◆ **Data section**
□ □ □ □
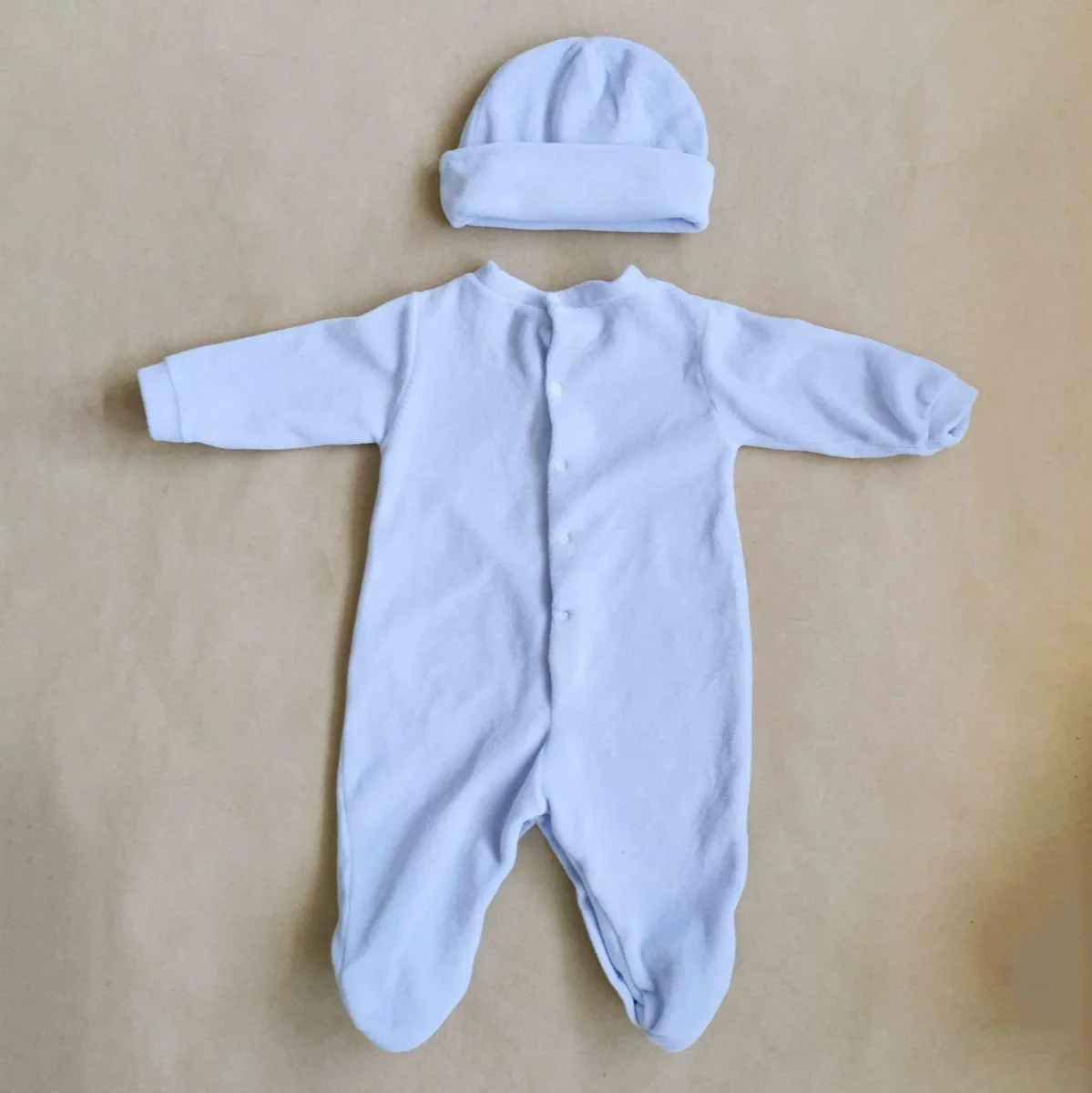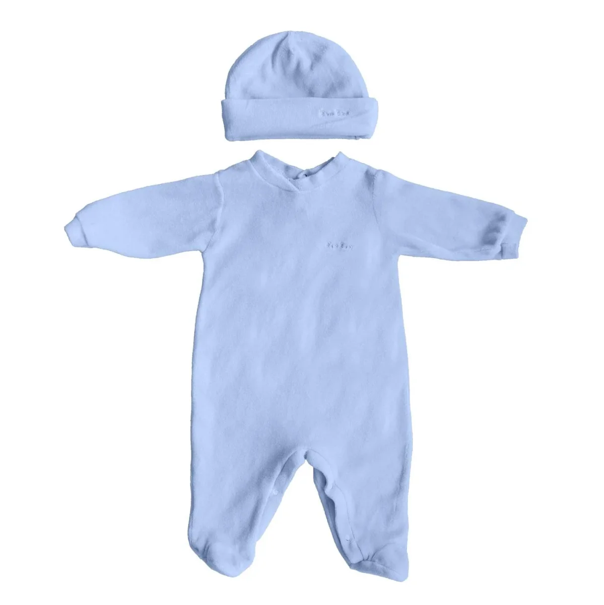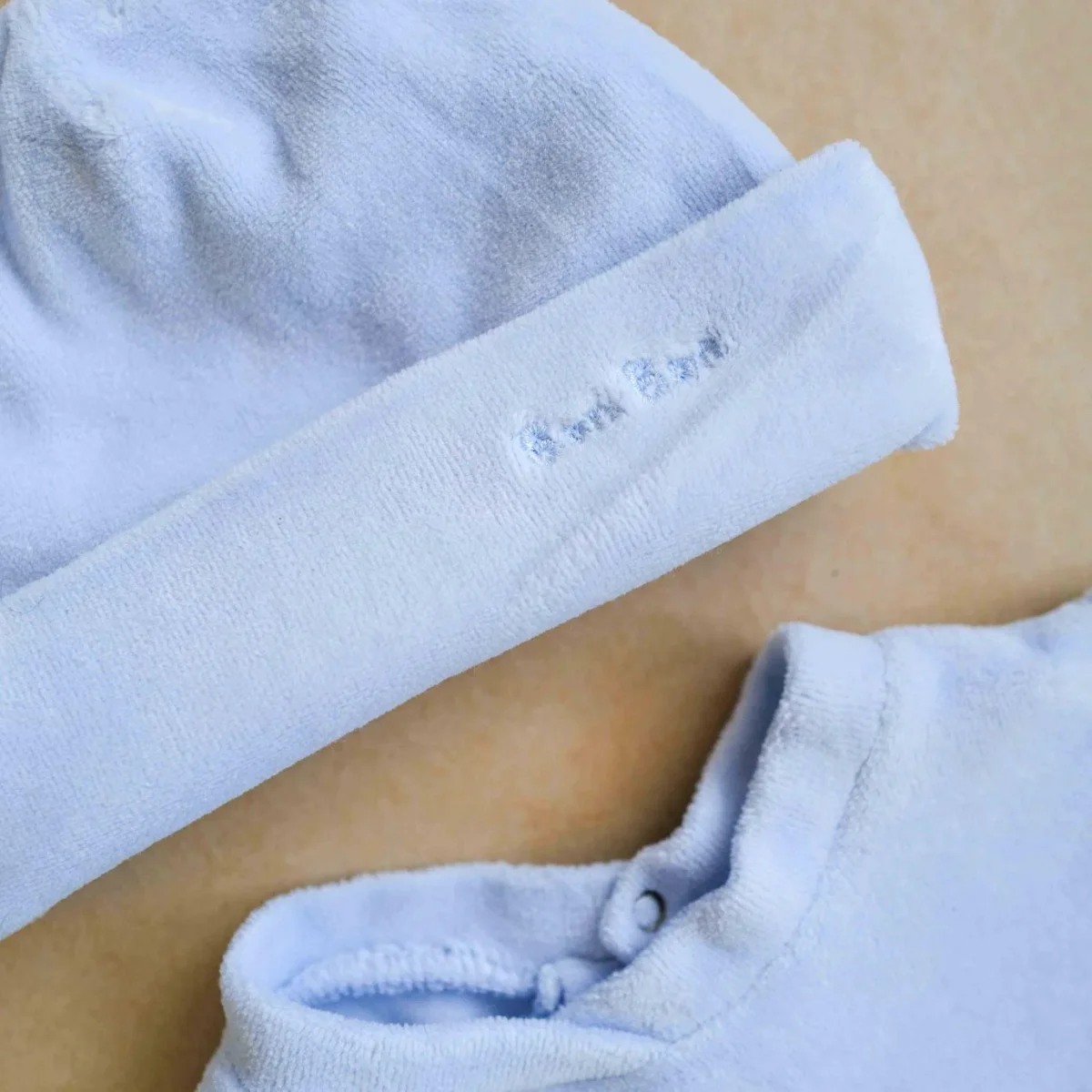 Set tutina e cappello, bottoncini a pressione sul cavallo e sul retro. Dettaglio con ricamo Bon Bon.
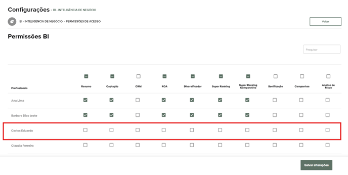 No caso acima, o profissional Carlos Eduardo no momento não tem nenhuma visualização ao BI, caso o Gestor queira modificar essa visualização, basta ligar as caixinhas correspondentes as telas que serão liberados para o usuário, e clicar no botão “Salvar Alterações”.
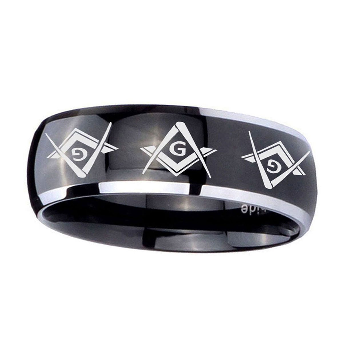 10mm Master Mason Masonic Dome Glossy Black 2 Tone Tungsten Custom Ring for Men
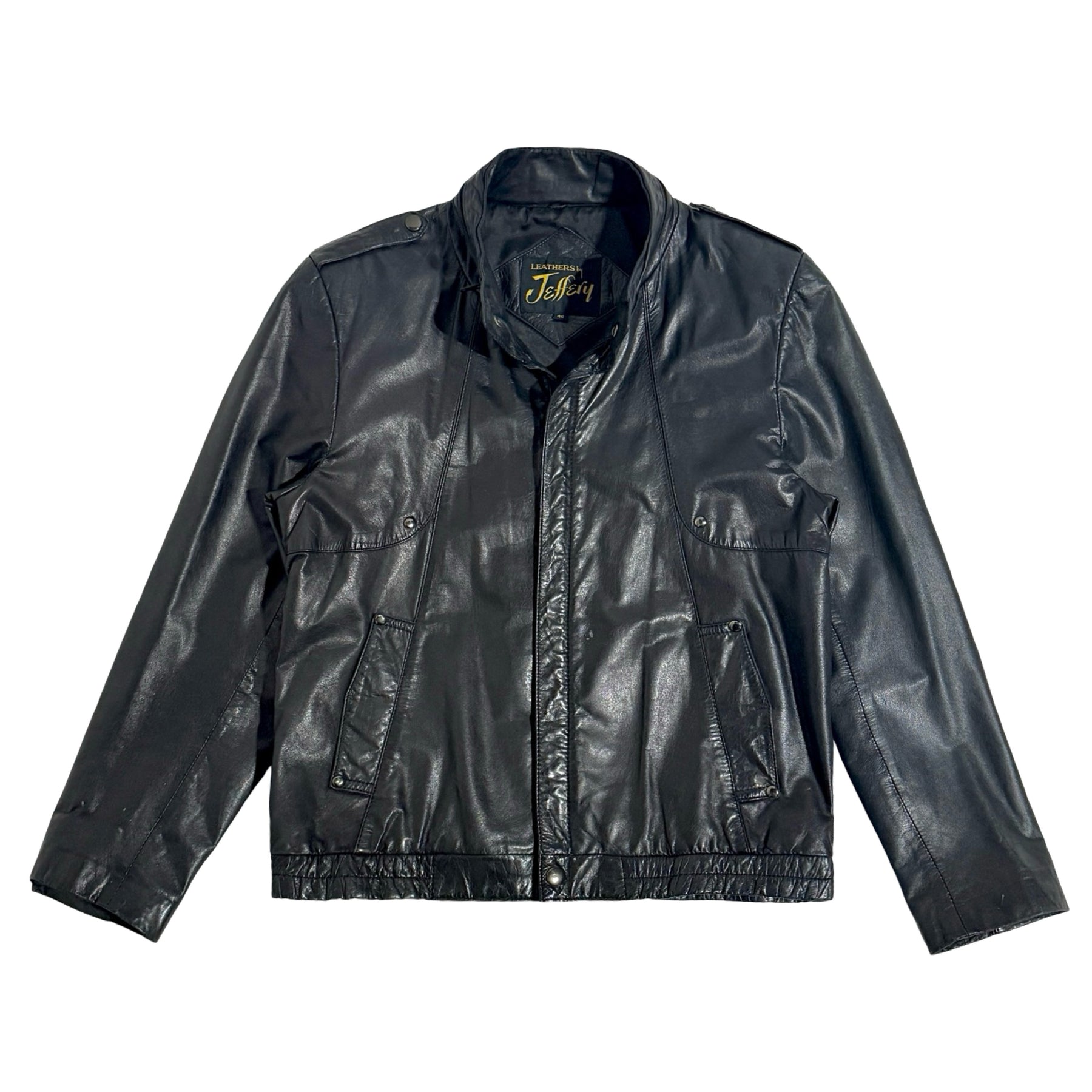 1970’S LEATHERS BY JEFFERY MADE IN USA CROPPED BLACK DISCO MOTORCYCLE JACKET MEDIUM
□ □ □ □
◆ **Work required**
Omit every picture while copying the listing above exactly.

◆ **Answer section**
 Set tutina e cappello, bottoncini a pressione sul cavallo e sul retro. Dettaglio con ricamo Bon Bon.
 No caso acima, o profissional Carlos Eduardo no momento não tem nenhuma visualização ao BI, caso o Gestor queira modificar essa visualização, basta ligar as caixinhas correspondentes as telas que serão liberados para o usuário, e clicar no botão “Salvar Alterações”.
 10mm Master Mason Masonic Dome Glossy Black 2 Tone Tungsten Custom Ring for Men
 1970’S LEATHERS BY JEFFERY MADE IN USA CROPPED BLACK DISCO MOTORCYCLE JACKET MEDIUM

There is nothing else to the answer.